Converting Flat, Comma-Delimited Values Into a Normalized Data ModelBy Scott Mitchell
In my job as an independent software developer I help a lot of small businesses enhance their existing company website or internal web applications to include new features or adopt best practices. Many of these businesses have vital line of business applications that were created many years ago by an employee who was not a professional software developer, but perhaps a member of the IT team or someone who was learning how to program or programmed as a hobby. A common mistake made by people without a solid background in creating data-driven applications is using flat, non-normalized data models.
Consider an application used in a healthcare setting may need to record each doctor's professional and educational degrees.
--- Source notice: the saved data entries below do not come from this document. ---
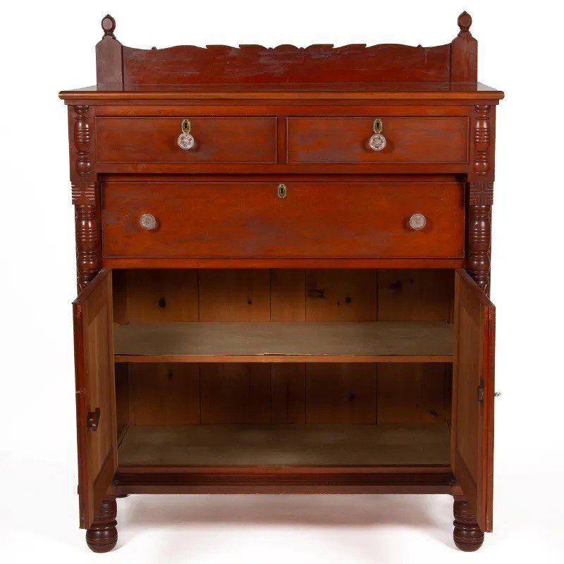 American country cherry jelly cupboard, having a distinctive notched serpentine-shaped backpiece flanked by posts with acorn-finials, a rectangular overhanging top with molded frieze, set upon a case fitted with a pair of short dovetailed cock-beaded drawers flanked by turned half-pilasters, above a long cock-beaded recessed drawer over a cabinet with a fixed shelf enclosed by two hinged fielded panel doors, flanked by columns with spooled ring and rope turnings between distinctive four-part square blocks, above a cove-molded plinth on robust grooved ball-and-ring turned legs. Recessed panel sides. The drawers have their original press-molded glass pulls.
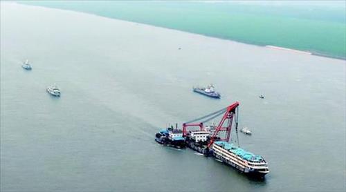 침몰선은 물살이 급한 사고지점에서 10㎞가량 떨어진 안전수역으로 옮겨졌으며 전문가들이 승선해 사고 조사를 벌이고 있다.
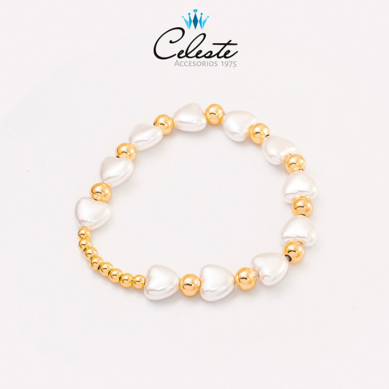 PULSERA CORAZONES EN PERLA Y BALINES,
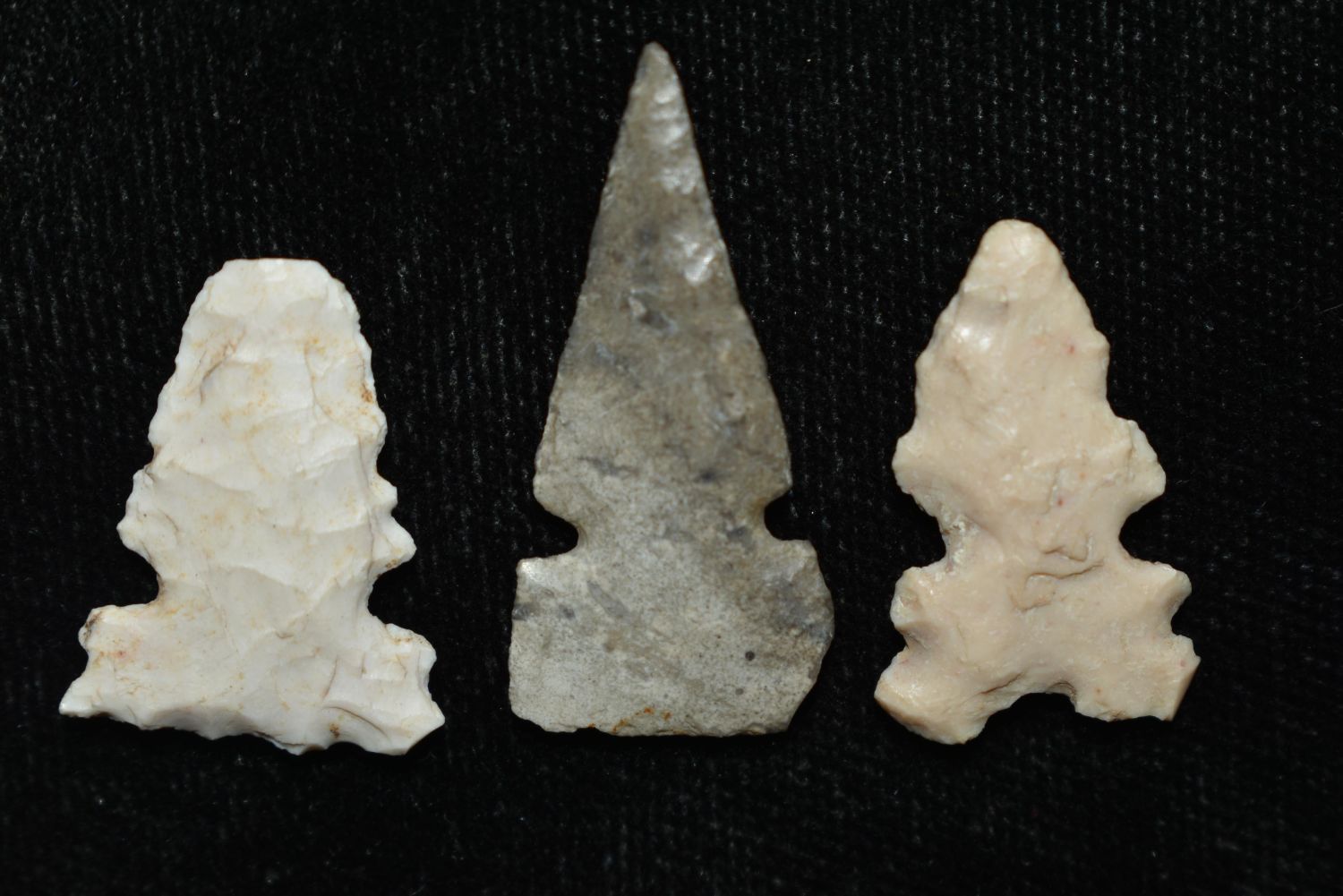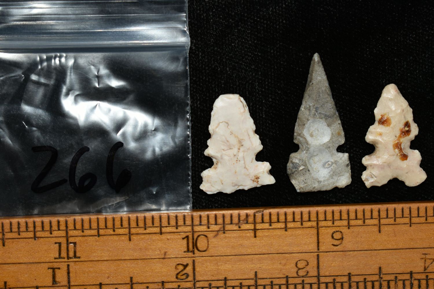 LOT OF 3 NOTCHED CAHOKIA BIRD POINTS, FOUND IN MADISON COUNTY ILLINOIS, NATIVE AMERICAN ARROWHEAD, INDIAN ARTIFACT

Because there are a fixed
number of degrees - PhD, MD, DDS, OB/GYN, RN, etc. - these degrees should be spelled out in a separate database table. And because each doctor can have
multiple degrees, there should be a third table that maps what doctors are associated with what degrees. Such a data model would be normalized. A non-normalized
data model would instead try to capture each doctor's degrees within the same table that contains the doctor's other information (his name, address, DOB, etc.).
This might be implemented as several columns in the table (
Degree3, and so on) or as a single
column that contains a comma-delimited list of degrees, like "PhD, MD, OB/GYN".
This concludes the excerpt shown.